B6 – naturally found in pork, chicken, turkey, fish, peanuts, wheatgerm, oats, bananas, and milk. B6 is an essential nutrient for hormone balance, digestion, and relaxation.
Essential Fatty Acids – naturally found in coldwater fish (and their oils) and flaxseeds and walnuts. EFAs are an important part of keeping your hormones in balance.
Cruciferous vegetables like brussel sprouts, kale, cabbage, broccoli, and cauliflower have been shown to help balance female hormones that cause PMS. I recommend eating about one cup of these vegetables, lightly cooked, at least 5 times per week.
Herbs That Help Reduce PMS
Herbs like Dong Gui, Rehmannia, Ginseng, and Bupleurum have been used for thousands of years to help with hormone balance. Here’s a link for a free e-book on how to use herbs that can help with PMS, anxiety, and depression.
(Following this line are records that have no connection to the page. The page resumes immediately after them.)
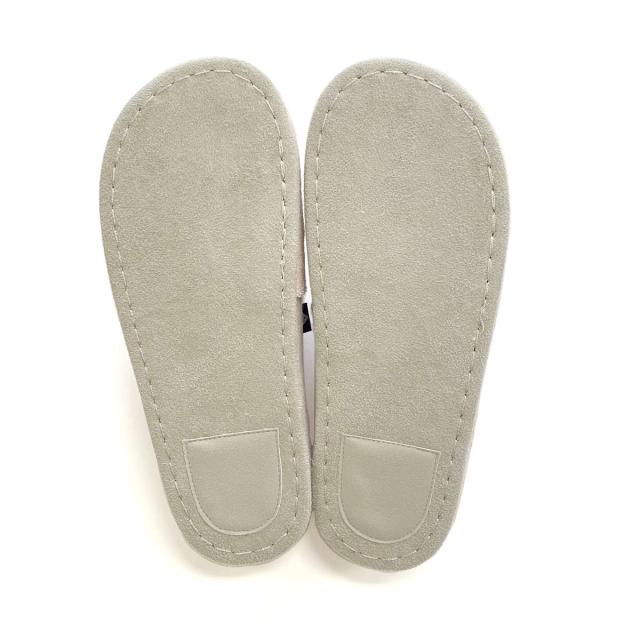 底材は静音性に優れたポリエステルスウェードで、フローリングを傷めずパタパタ音が出にくいです。かかと部分にすべり止めのパッチ付きです。
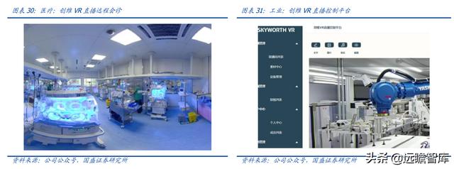 工控应用:VR 技术可实现对工厂的 360°全景巡检,为工厂建设提供高效、安全的监管手段,减少现场工作人员的负荷,降低巡检难度,提高安全精度。创维 VR 研发并多次成功落地一套专业智慧工厂直播解决的方案,在工厂车间或者制造基地进行多点位安装全景相机进行视频采集,并实时拼接,再通过 5G 网络将直播图像上到云端,控制平台将直播画面推送到观看设备上,同时能控制视频源切换,可以进行添加文字、动画特效。
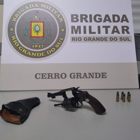 A Brigada Militar se deslocou até a residência onde foi encontrado e apreendido a arma de fogo revolver calibre 32 e seis munições de propriedade do acusado, que não estava mais no local.
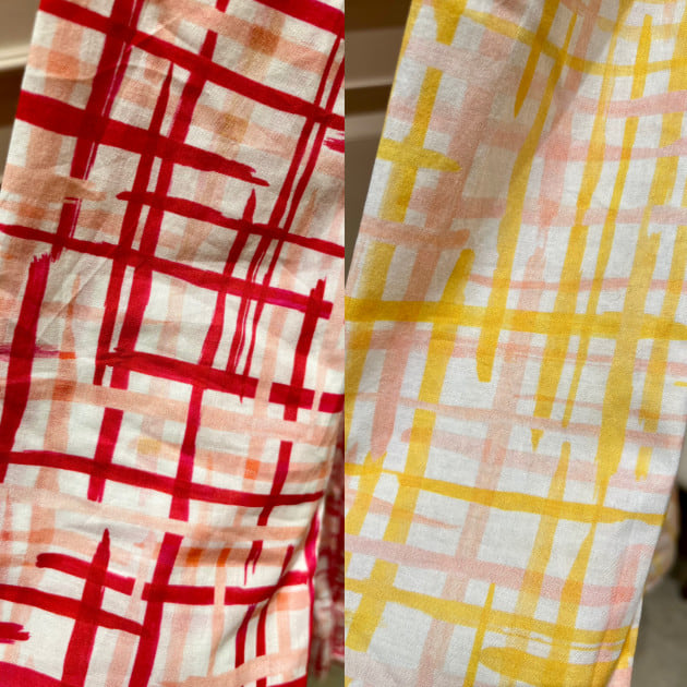 コットン100%、UV加工がされています。生地を紫外線から守ることで、白は黄ばみにくく、濃い色は日焼けによる色褪せを防いでくれる効果があります。
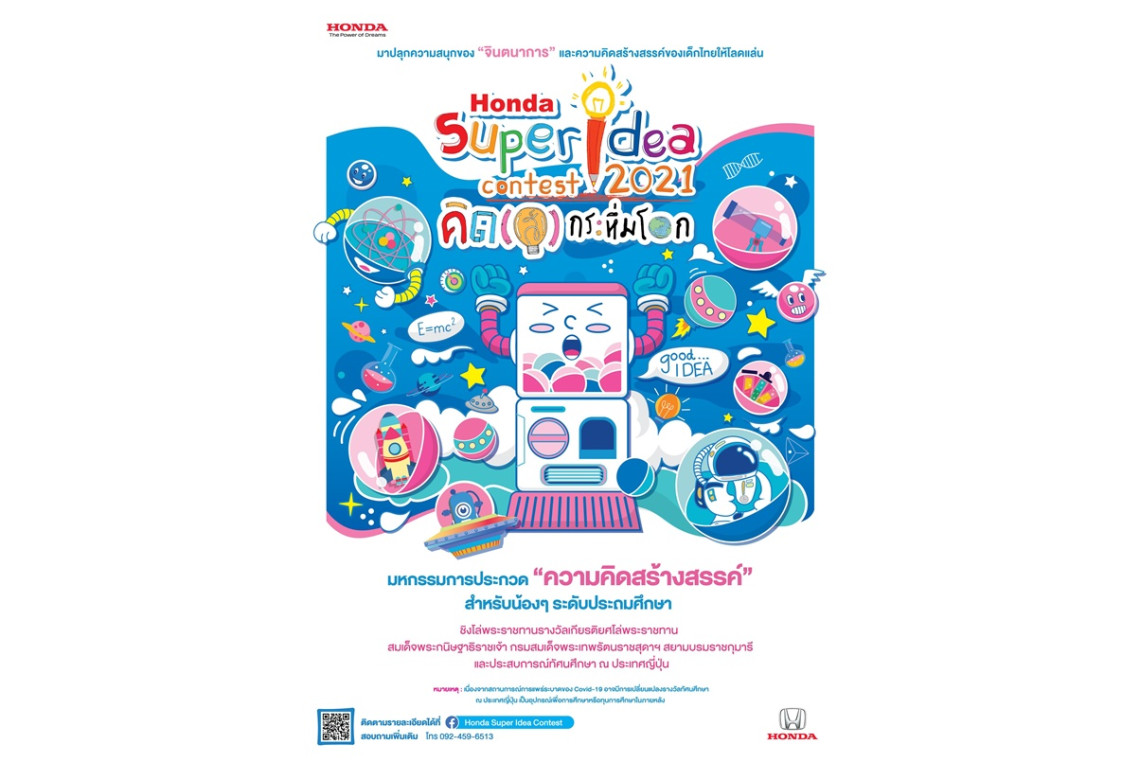 บริษัท ฮอนด้า ออโตโมบิล (ประเทศไทย) จำกัด เดินหน้าสานต่อ โครงการ “ฮอนด้า ซูเปอร์ ไอเดีย คอนเทสต์” ปีที่ 17 ผ่านออนไลน์เต็มรูปแบบเป็นครั้งแรก โดยเชิญชวนเด็กไทย ระดับชั้นประถมศึกษาปีที่ 1 - 6 ทั่วประเทศ ที่มีอายุไม่เกิน 12 ปี ส่งผลงานไอเดียสิ่งประดิษฐ์สุดสร้างสรรค์ ที่มีความแปลกใหม่และเป็นประโยชน์ต่อสังคม ภายใต้แนวคิด “เปิดแคปซูลความฝัน ปลดปล่อยพลังแห่งจินตนาการ สานต่อไอเดียสุดสร้างสรรค์กับฮอนด้า” เพื่อชิงรางวัลโล่พระราชทานสมเด็จพระกนิษฐาธิราชเจ้า กรมสมเด็จพระเทพรัตนราชสุดาฯ สยามบรมราชกุมารี พร้อมทุนการศึกษา และโอกาสเดินทางไปทัศนศึกษา ณ ประเทศญี่ปุ่น*
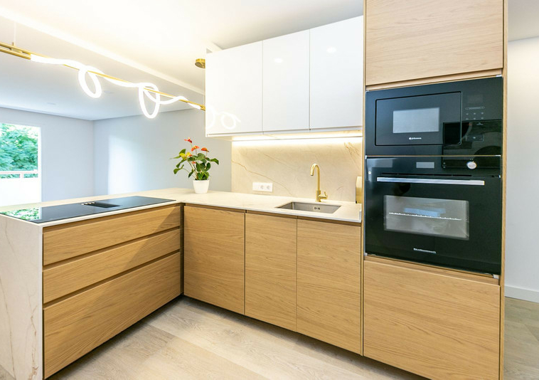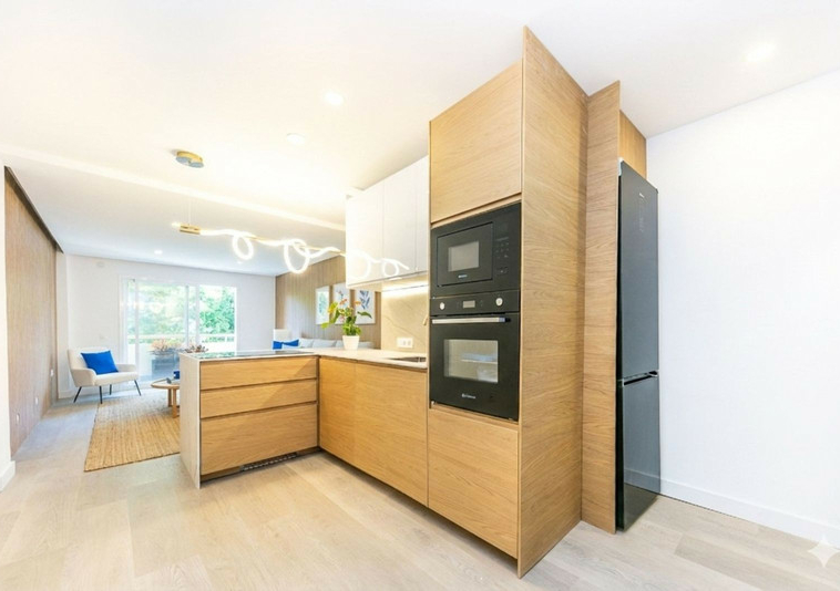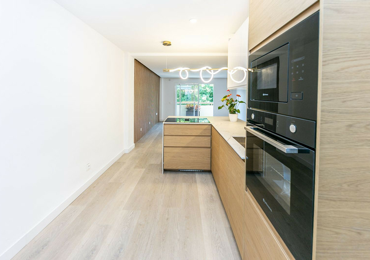 La cocina está completamente amueblada y equipada, con electrodomésticos nuevos y lavavajillas integrado, además de un lavadero independiente separado por puerta de cristal que aporta luz y continuidad visual.
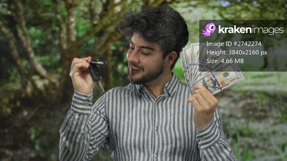 Young man with beard holding car keys and us dollar bills, smiling in a lush park, showcasing financial success outdoors.
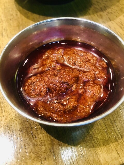 薫り高き旨味の中にしっかりスパイシーさもあり、炒め赤玉葱の甘味とビネガーの甘酸感がアクセント、此方もめっちゃ美味‼︎
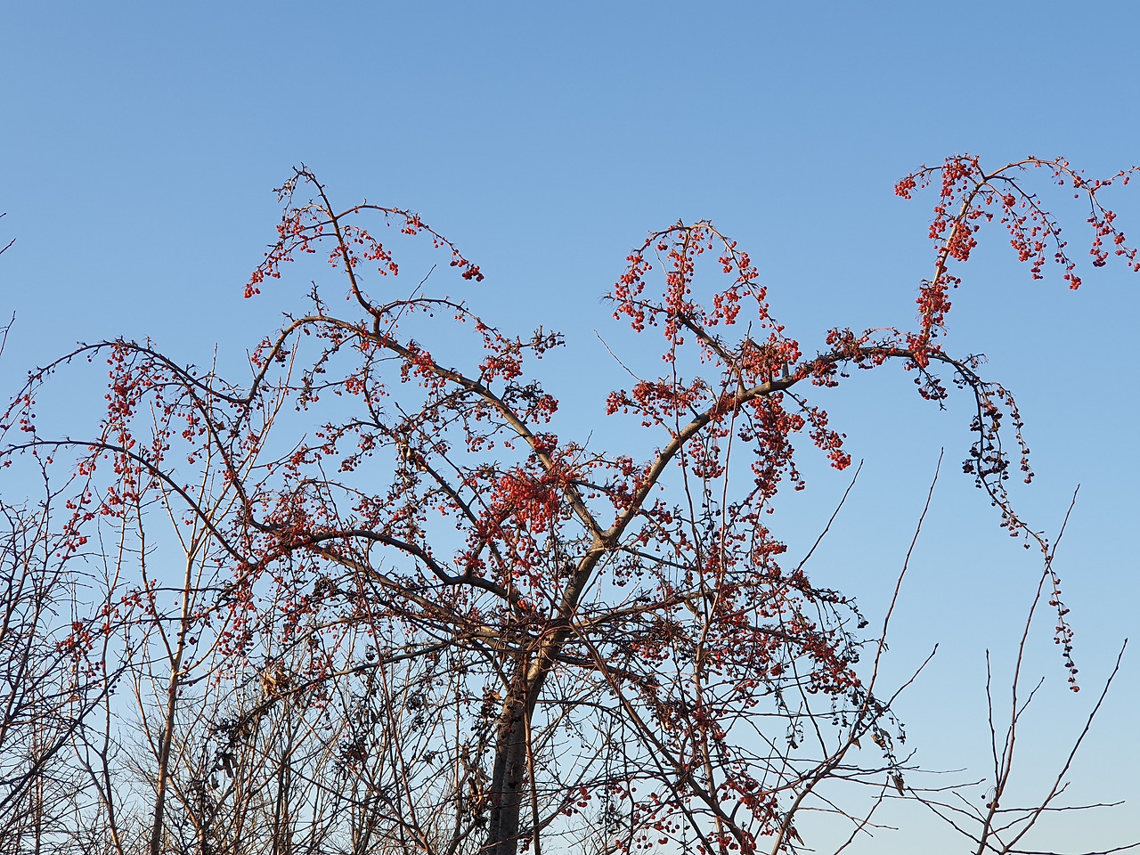 바람을 견디며 앙상한 가지에 대롱대롱 매달린 몇 잎 남지 않은 잎새들을
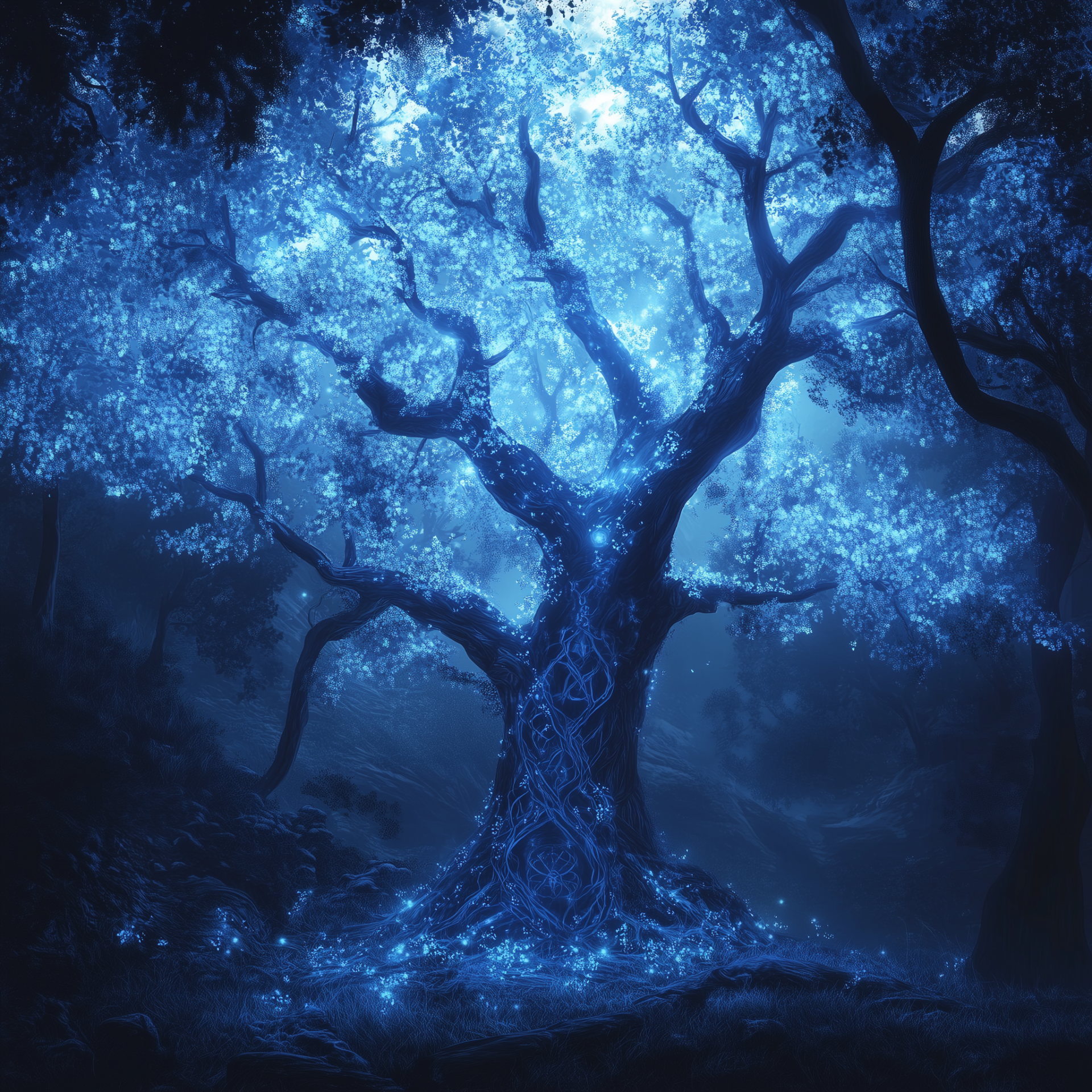 A magical tree of life stands prominently in a dense forest, bathed in shades of blue. Its branches glow softly, resembling intricate patterns, while a faint mist and starlight filter through the surrounding trees, creating a mysterious atmosphere.

Dang Gui – (angelica root) is a major herb for gynecology in Chinese medicine. Almost all gynecological formulas contain at least some Dang Gui. It nourishes your blood supply and promotes blood circulation.
Astragalus – is an herb that stabilizes your Qi. If you’re tired, have a pale and puffy tongue, this may be an important herb for you.
Bupleurum – is an herb that eases tension and promotes Liver circulation. It should only be a small portion of an herbal formula; it’s rarely taken by itself.
Ginger – is an herb that warms the blood and eases pain; ladies with heavy bleeding due to internal heat shouldn’t use it.
Peony – eases tension and blood circulation; usually combined with Dang Gui and Astragalus for overall tonification of the blood and Qi.
Licorice – is an herb that’s in most Chinese herbal formulas. It eases the digestive system and helps the adrenal (“Kidney”) function, and is usually only used in small quantities.
Mint – also encourages movement of the Qi to dispel stagnation, pain, and irritability. Too much mint will lead to dryness, so use with a little discretion, as with most herbs.
Rehmannia – an herb we add in if the patient has more deficiency signs like fatigue, poor memory, insomnia and a pale tongue (or red tongue with NO coating). Rehmannia helps your adrenal glands adapt to stress and it nourishes your Liver blood.
Chrysanthemum – an herb we would use in combination with other herbs to ease the stress on the Liver and clear heat. It’s a calming herb.
Gou Qi Zi – (gou qi berries) are also used to nourish the Yin of the Liver to help with irritability, insomnia, dry or red eyes, headaches, and fatigue.